# Greek Leek and Rice



## pdswife (Nov 4, 2004)

3-4 good sized leeks
1 cup rice
olive oil
1-2 cups water
1/2  can tomato sauce
salt, pepper, paprika


cut green part off of the leek.
slice the white part in half... wash well and then cut into 1/2 inch pieces.
Put olive oil in pan and saute leek for 5 to 10 minutes (should be nice and soft)
Add 1-2 cups water and cook for 5 minutes.
Add tomato sauce, rice, salt, pepper and paprika...
Bring to a boil, stir, cover and reduce heat.   Continue cooking for 20 minutes or until liquid is gone.

You can add more tomato sauce if you'd like or use canned tomatoes instead.


----------



## kitchenelf (Nov 4, 2004)

WOW - these are some really nice recipes you've been posting.  I love Greek food.  They ALL look great!  Thanks.


----------



## pdswife (Nov 5, 2004)

*Thanks!*

I made this again last night and it is delish!  It makes enough that we can both have a nice serving for lunch today.


----------



## buckytom (Nov 5, 2004)

kitchenelf said:
			
		

> WOW - these are some really nice recipes you've been posting.  I love Greek food.  They ALL look great!  Thanks.

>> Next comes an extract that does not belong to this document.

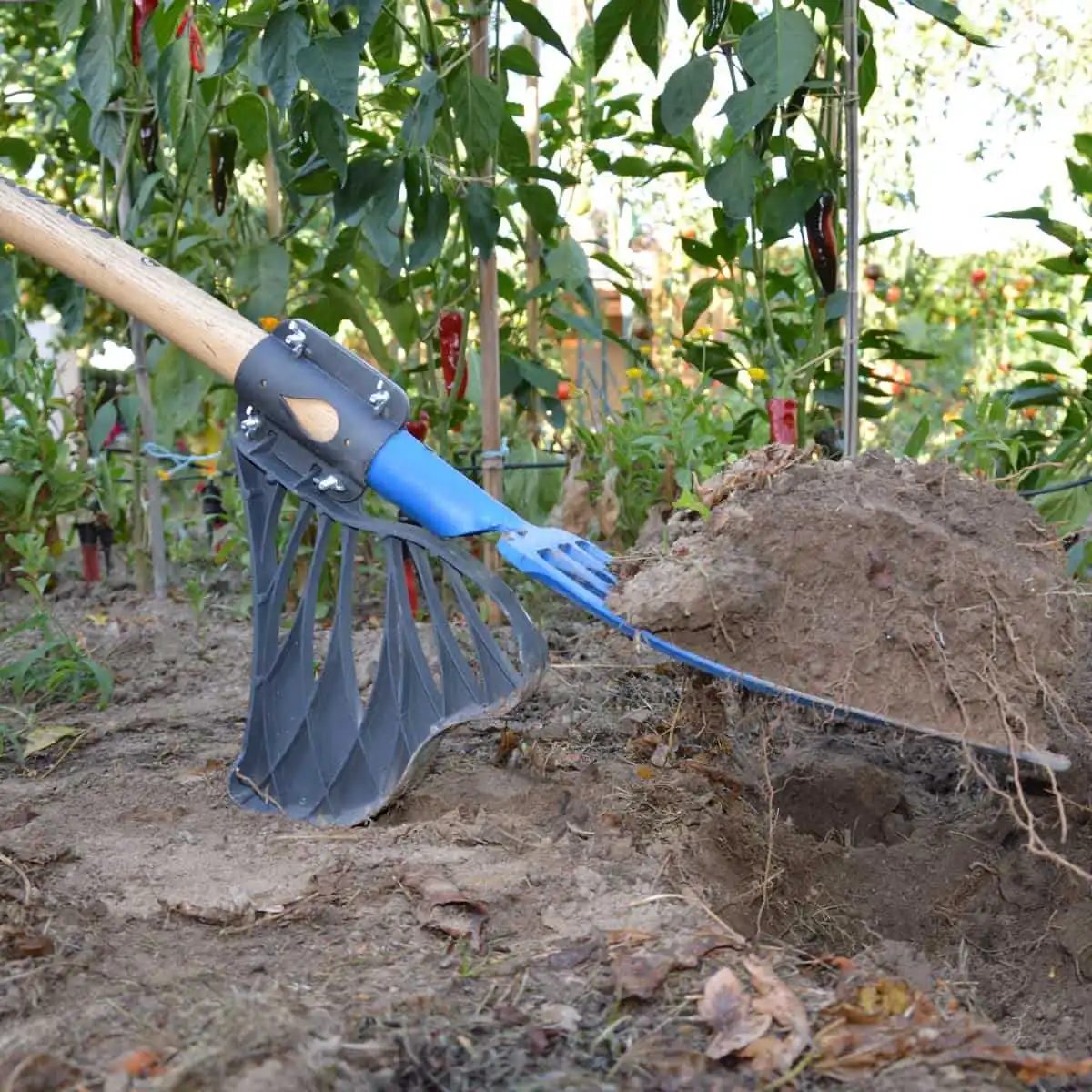 Ainsi vous pouvez décompacter la terre, déraciner, creuser ou récolter facilement et sans forcer.

i second this notion, glad to have you and all of your great greek recipes here, pd's squeeze....


----------



## pdswife (Dec 15, 2004)

buckytom said:
			
		

> kitchenelf said:
> 
> 
> 
> ...




pd's squeeze... I like that!


----------



## pdswife (Dec 20, 2004)

Dinner tomorrow~  Can't wait!!


----------